### ASSIGNED TASK
When you reach the line that holds "Москва. 8 июля.", start copying exactly and keep going through the final line of the data, leaving out pictures.

(Beginning of GIVEN RECORDS)

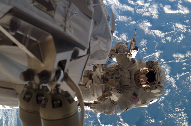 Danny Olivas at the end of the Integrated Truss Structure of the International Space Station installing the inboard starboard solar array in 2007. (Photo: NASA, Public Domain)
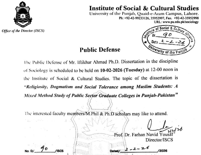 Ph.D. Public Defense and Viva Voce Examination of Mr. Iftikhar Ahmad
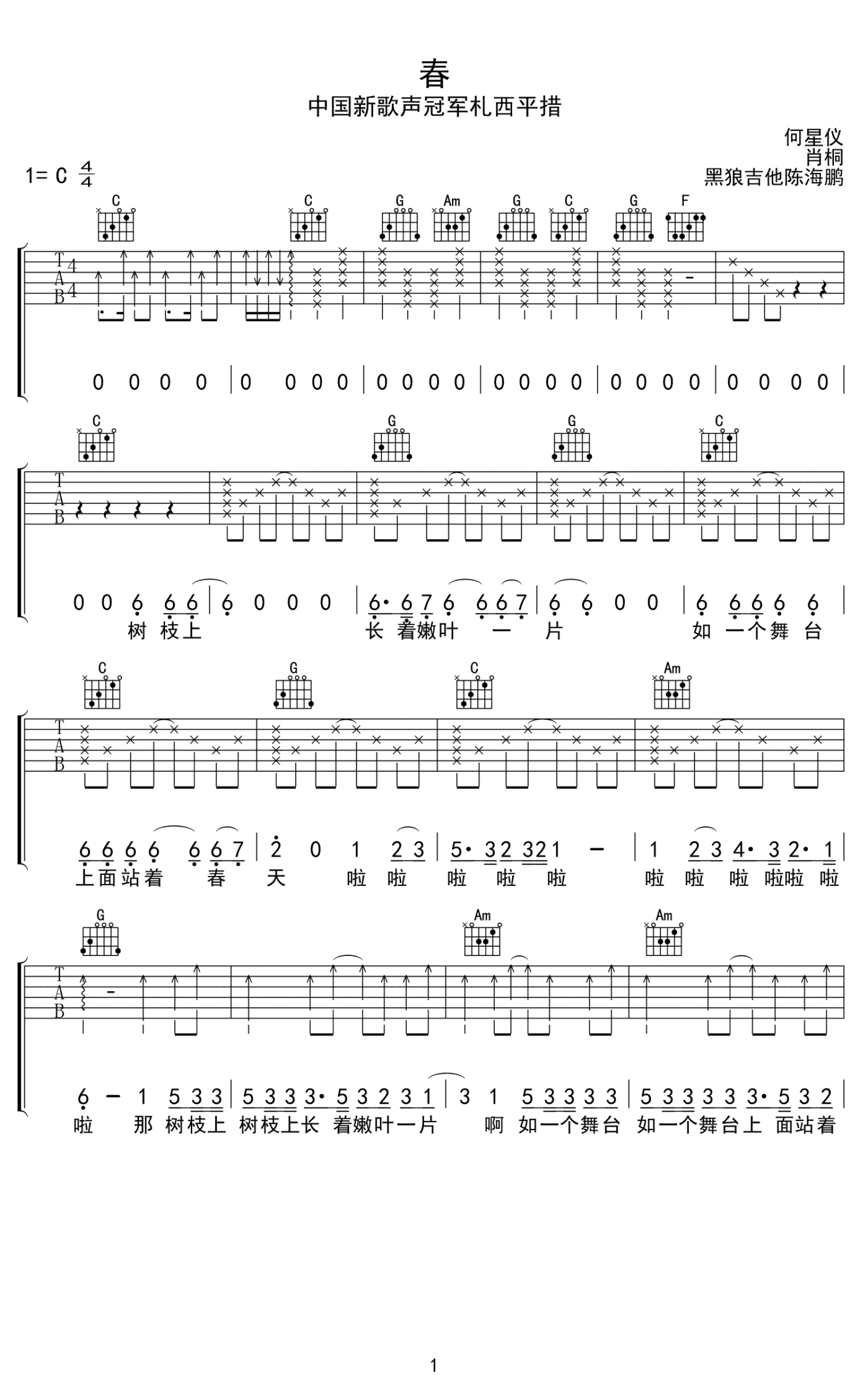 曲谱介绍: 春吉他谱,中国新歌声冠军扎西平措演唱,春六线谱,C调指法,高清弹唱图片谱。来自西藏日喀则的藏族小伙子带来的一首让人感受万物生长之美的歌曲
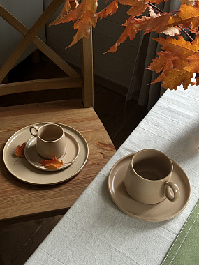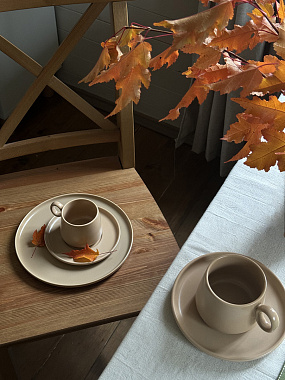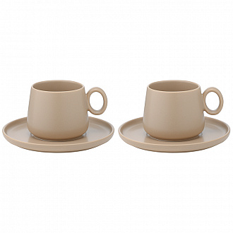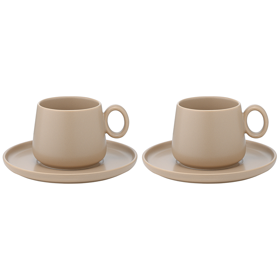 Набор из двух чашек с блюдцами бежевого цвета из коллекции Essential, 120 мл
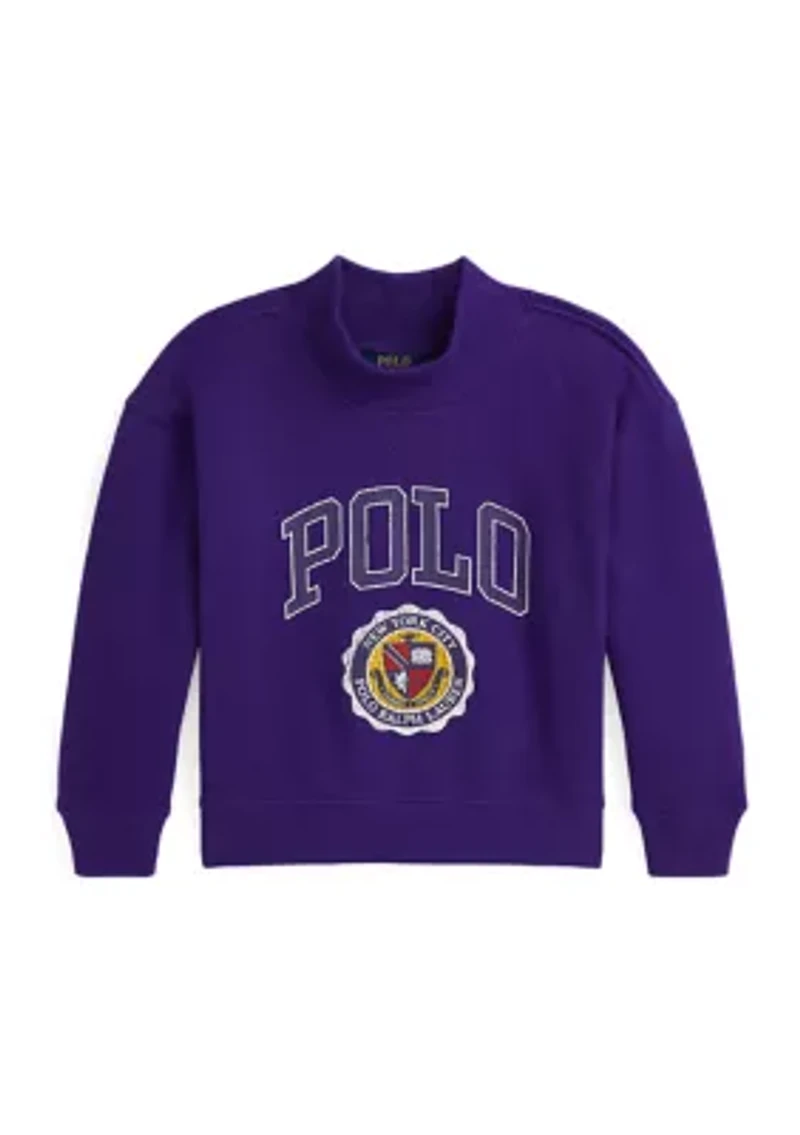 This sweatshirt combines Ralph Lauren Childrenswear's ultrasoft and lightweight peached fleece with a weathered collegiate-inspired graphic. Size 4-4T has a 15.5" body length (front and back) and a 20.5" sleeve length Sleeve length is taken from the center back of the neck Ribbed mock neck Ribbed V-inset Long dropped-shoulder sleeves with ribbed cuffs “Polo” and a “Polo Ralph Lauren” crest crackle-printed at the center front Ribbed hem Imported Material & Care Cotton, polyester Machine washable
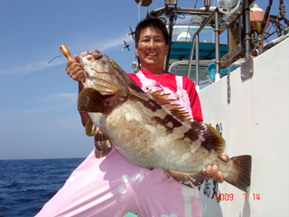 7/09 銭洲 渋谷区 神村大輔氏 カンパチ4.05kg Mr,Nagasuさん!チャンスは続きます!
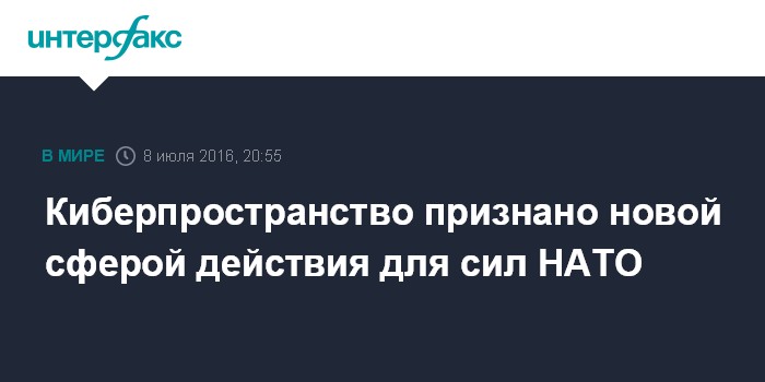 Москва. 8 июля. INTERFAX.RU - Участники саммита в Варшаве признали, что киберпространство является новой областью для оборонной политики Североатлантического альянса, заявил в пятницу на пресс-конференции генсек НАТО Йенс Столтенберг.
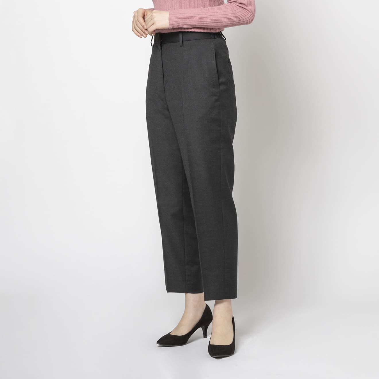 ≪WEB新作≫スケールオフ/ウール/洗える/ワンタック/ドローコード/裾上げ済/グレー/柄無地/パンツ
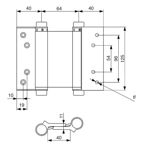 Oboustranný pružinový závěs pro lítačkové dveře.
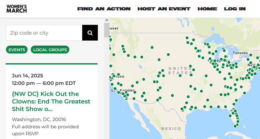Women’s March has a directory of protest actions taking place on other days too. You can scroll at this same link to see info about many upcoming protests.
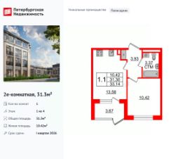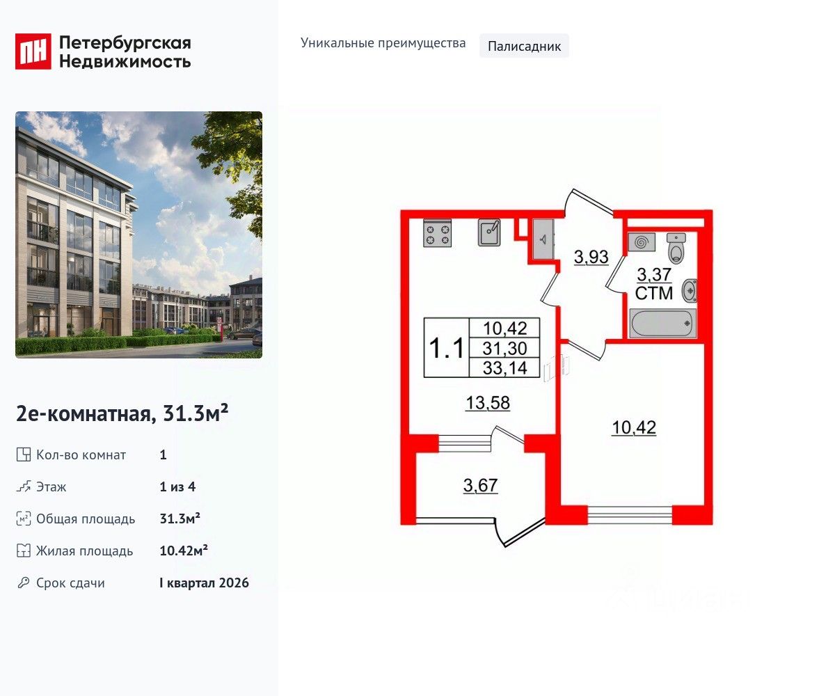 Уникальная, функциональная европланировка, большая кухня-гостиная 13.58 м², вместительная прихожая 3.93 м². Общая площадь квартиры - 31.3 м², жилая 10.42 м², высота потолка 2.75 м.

(End of GIVEN RECORDS)

### TASK SOLUTION
 Москва. 8 июля. INTERFAX.RU - Участники саммита в Варшаве признали, что киберпространство является новой областью для оборонной политики Североатлантического альянса, заявил в пятницу на пресс-конференции генсек НАТО Йенс Столтенберг.
 ≪WEB新作≫スケールオフ/ウール/洗える/ワンタック/ドローコード/裾上げ済/グレー/柄無地/パンツ
 Oboustranný pružinový závěs pro lítačkové dveře.
Women’s March has a directory of protest actions taking place on other days too. You can scroll at this same link to see info about many upcoming protests.
 Уникальная, функциональная европланировка, большая кухня-гостиная 13.58 м², вместительная прихожая 3.93 м². Общая площадь квартиры - 31.3 м², жилая 10.42 м², высота потолка 2.75 м.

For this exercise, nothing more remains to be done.